I. By the testimony, all of which is before us, it appeared that some eleven years before the trial the plaintiff had given birth to an illegitimate child. The plaintiff testified that the defendant knew this fact, and that she told him that its father’s name was Reed. Upon this point the defendant’s testimony is silent.

At' the plaintiff’s instance the Court, with reference to this subject, directed the jury as follows: “If the jury believe, from the evidence, when, he promised to marry' the plaintiff he knew that she was the mother of an illegitimate child, then the defendant cannot avail himself of the fact that the plaintiff had given birth to such child eleven years ago, in defense of this action.”

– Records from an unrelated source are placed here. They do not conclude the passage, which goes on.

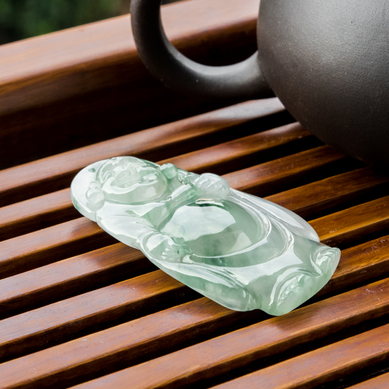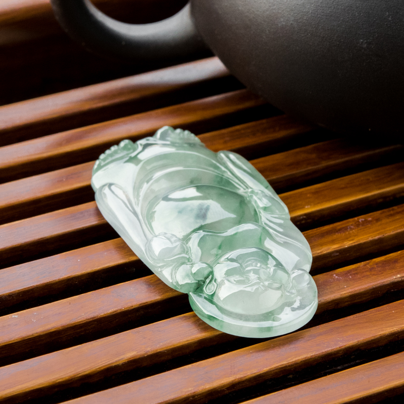 • 糯冰种飘花翡翠弥勒佛吊坠
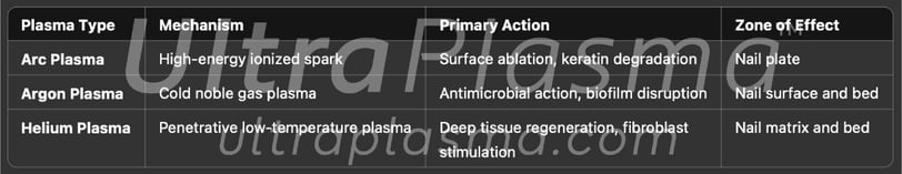 Onychomycosis (tinea unguium) is a prevalent fungal infection of the nail unit, often caused by dermatophytes, Candida species, and nondermatophytic molds. Traditional antifungal therapies suffer from long treatment durations, recurrence, and limited nail penetration. The UltraPlasma™ multi-platform plasma system—utilizing arc, argon, and helium plasma technologies—offers a novel, non-invasive treatment modality. This review details the mechanism of UltraPlasma™ in fungal nail infections, emphasizing its interaction with nail layers, pathogen types, and the biochemical activity of generated reactive gases such as ozone (O₃), nitric oxide (NO), and reactive oxygen/nitrogen species (RONS). Figures illustrate emission spectra, cross-sectional nail penetration, gas interactions, and clinical progress. The integration of photothermal, photochemical, and bioelectric effects renders this method an effective solution for resistant or recurrent onychomycosis.
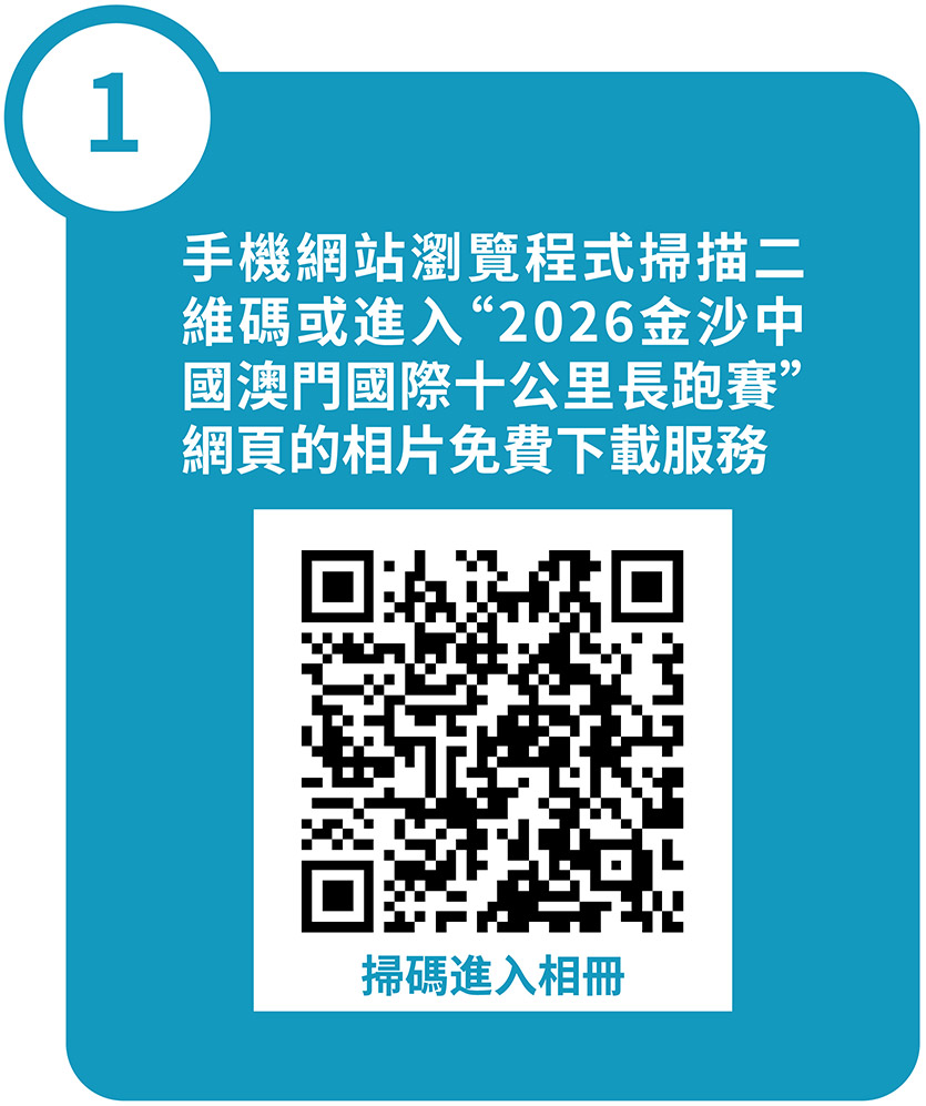 手機網站瀏覽程式掃描二維碼或進入"2026金沙中國澳門國際十公里長跑賽"網頁的相片免費下載服務
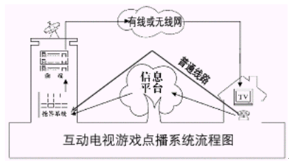 從互動游戲點播系統(tǒng)流程圖可以看出,互動游戲點播系統(tǒng)的信號輸出是單向廣播式的,它不需電視臺對線路及前端進行改造。但上行信號需要借助市話網(wǎng),利用市話網(wǎng)進行計費、收費,系統(tǒng)的上行信號由觀眾的電話機通過公用電話網(wǎng)傳送到游戲控制器中,所以和電信的接口可以采取兩種方式,一是和信息臺的合作;二是和電話局的合作,相應(yīng)的信號流程和收費方式(廣告費除外)也不一樣。也就是說西安視達科技有限公司的互動游戲系統(tǒng),可以與不同城域的電信局(包括各信息臺與各級電話局)聯(lián)辦節(jié)目,開展電信增值業(yè)務(wù);也可以由電視臺自行收費,以火爆的互動游戲節(jié)目帶起火爆的廣告市場,創(chuàng)造更大的經(jīng)濟效益。
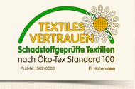 Šatky Storchenwiege sú pravidelne kontrolované nezávislým skúšobným ústavom. Aj bavlnené vlákna sú pri ich výrobe pravidelne kontrolované. Používané farby sú netoxické a bez ťažkých kovov. Šatky vlastnia certifikát Öko-Tex Standard 100 (každoročne obnovovaný), ktorý je zárukou zdravotnej nezávadnosti pre deti.
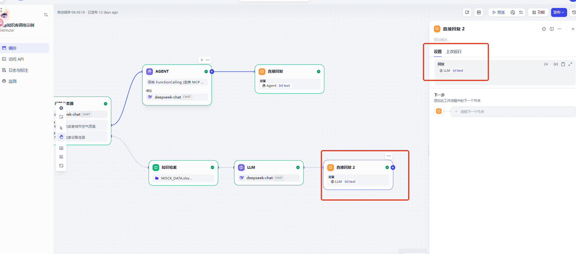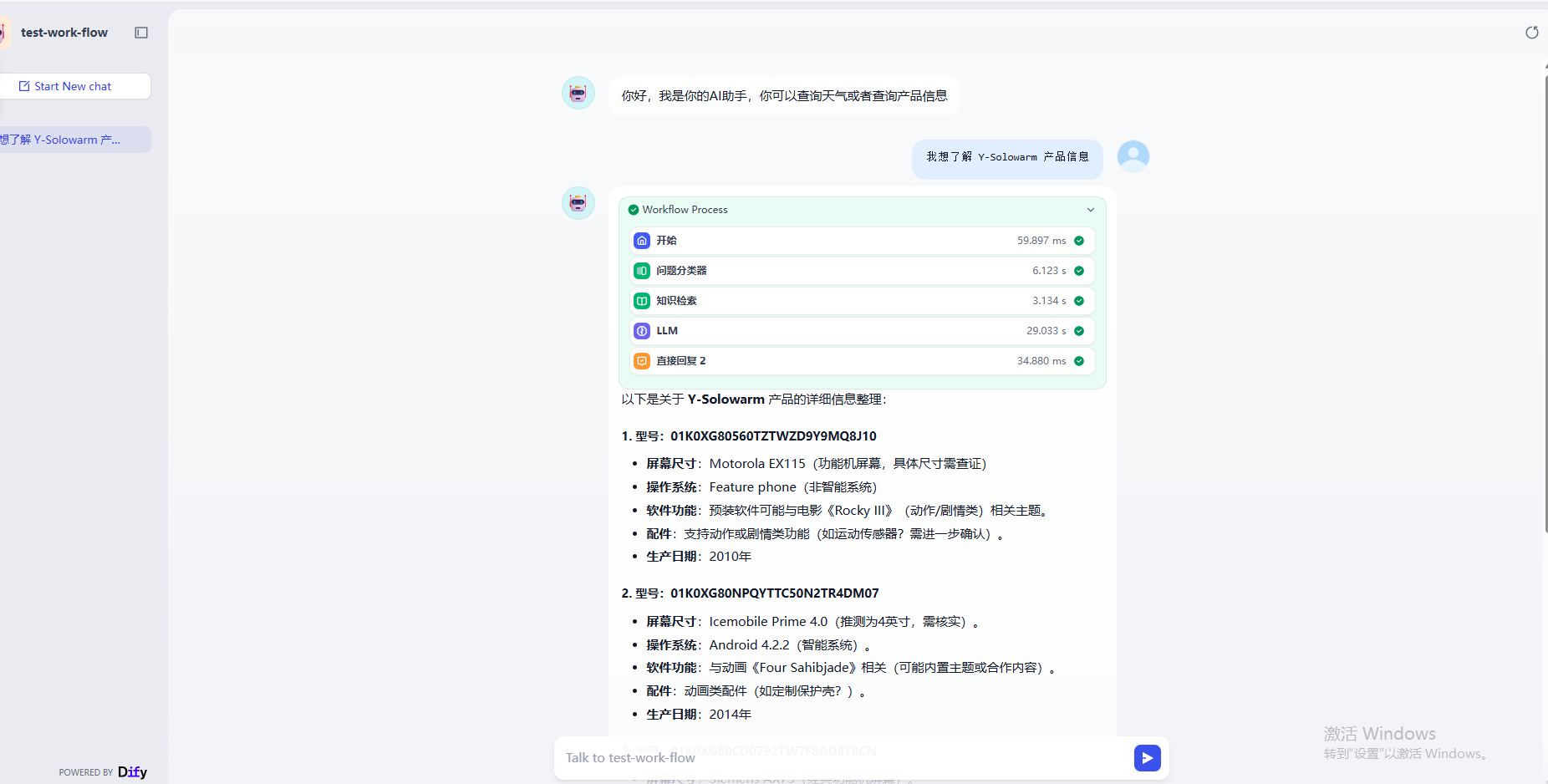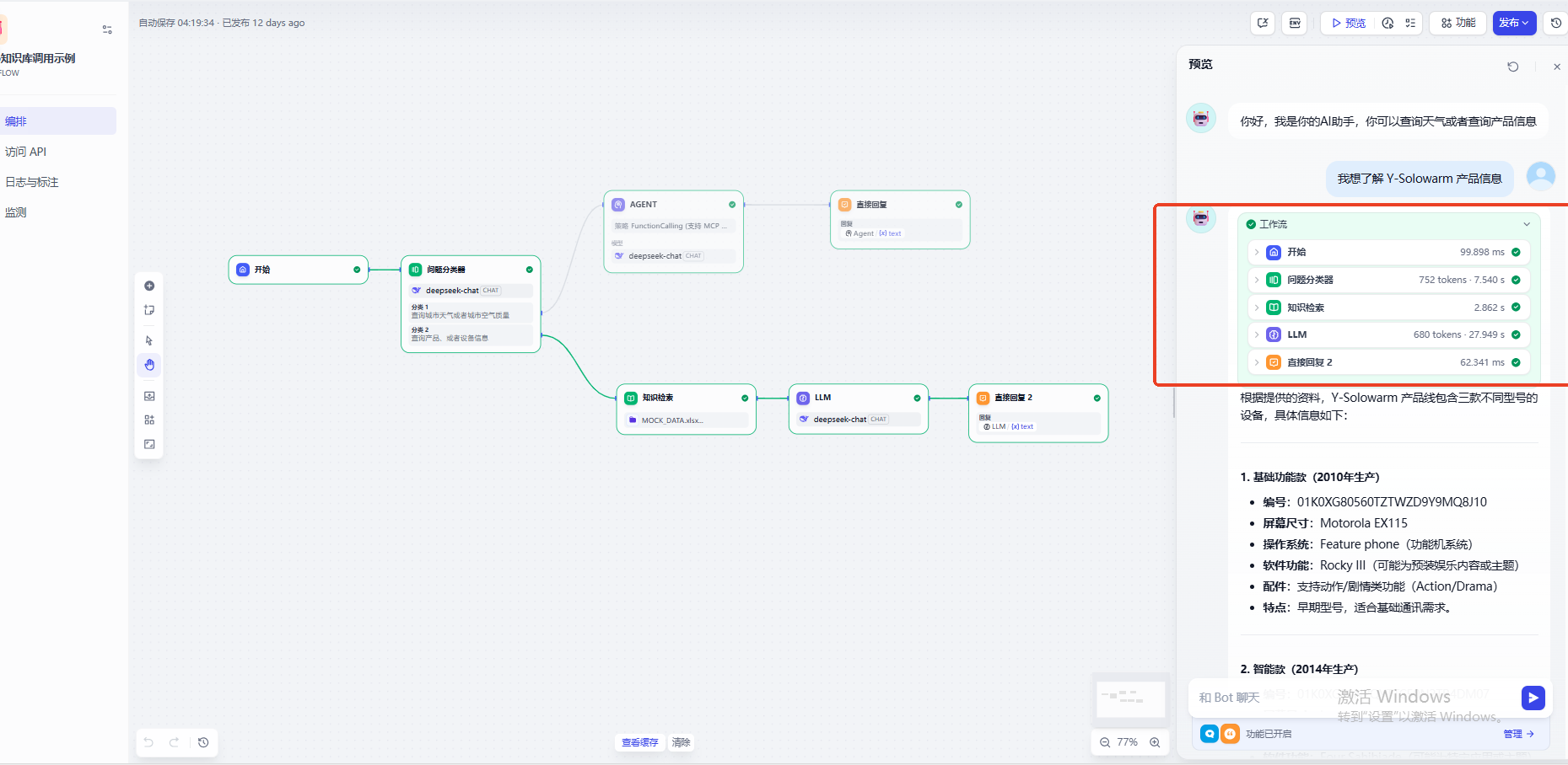 可以先看一下最终需求的实现效果,当我们咨询产品信息的时候工作流会自动调用知识库检索

[478]*478The giving of this instruction is now assigned as error by the defendant. The view taken by the Court was clearly correct. The defendant admitted the promise to marry, in his testimony delivered on the trial. If he entered into this contract with knowledge that the plaintiff was the mother of an illegitimate child, he was not deceived; and the Court rightly charged the jury, that under these circumstances, this fact was no defense, that is, that it would not lar the plaintiff’s action. “If a man,” says Abbott, Ch. J., in Irving v. Greenwood, 1 C. & P., 350, “ knowingly promise to marry such a person (a loose and immodest woman), he is bound to do so, or respond to an action for damages.” S. P. Bench v. Merrick, 1 Car. & K., 463; and see, also, Woodard v. Bellamy, 2 Root Conn., 354; 2 Saund. P. & E., 347; Parsons on Cont., 550; Chitty on Cont., 538; Morgan v. Yarborough, 5 La. Ann., 316, 323 (a. d., 1850), which is the first action of the kind ever considered by the Supreme Court of that State. Burnett v. Simpkins, 24 Ill., 264.

II. At the plaintiff’s request, the Coiirt further charged: “ 3d. If the defendant knew of the unchaste conduct complained of when he made the promise to marry plaintiff, then the defendant cannot avail himself of such conduct as a defense in this case, either in mitigation of damages, or for any other purpose.”

The “ unchaste conduct,” alluded to in this instruction, we suppose to mean the giving birth to the child above referred to. The defendant, as a witness, testified to unchaste conduct on the part of the plaintiff after the date of the marriage contract. But as this would not be embraced in the language of the instruction, we suppose the meaning to be that which is above indicated. It appeared from the plaintiff’s testimony that she had lived in Benton county, over four years before the trial. It is not clear from the testimony whether she had lived in Benton county during [479]*479the eleven years preceding the trial, but we infer that she had not.

The defendant testified to a specific instance of criminal misconduct, on the part of the plaintiff, with one Dwiggins, after the date of his promise to marry. This was denied both by Dwiggins and the plaintiff. Three witnesses testified (one of whom was an assistant in a saloon) that the plaintiff’s character for chastity was bad. No rebutting evidence on this subject was offered by the plaintiff. Why none was adduced we do not know. It may have been because none such could be produced, or it may have been because the plaintiff’s counsel was satisfied that the jury would give no credit to the statements of the defendant’s witnesses on this subject.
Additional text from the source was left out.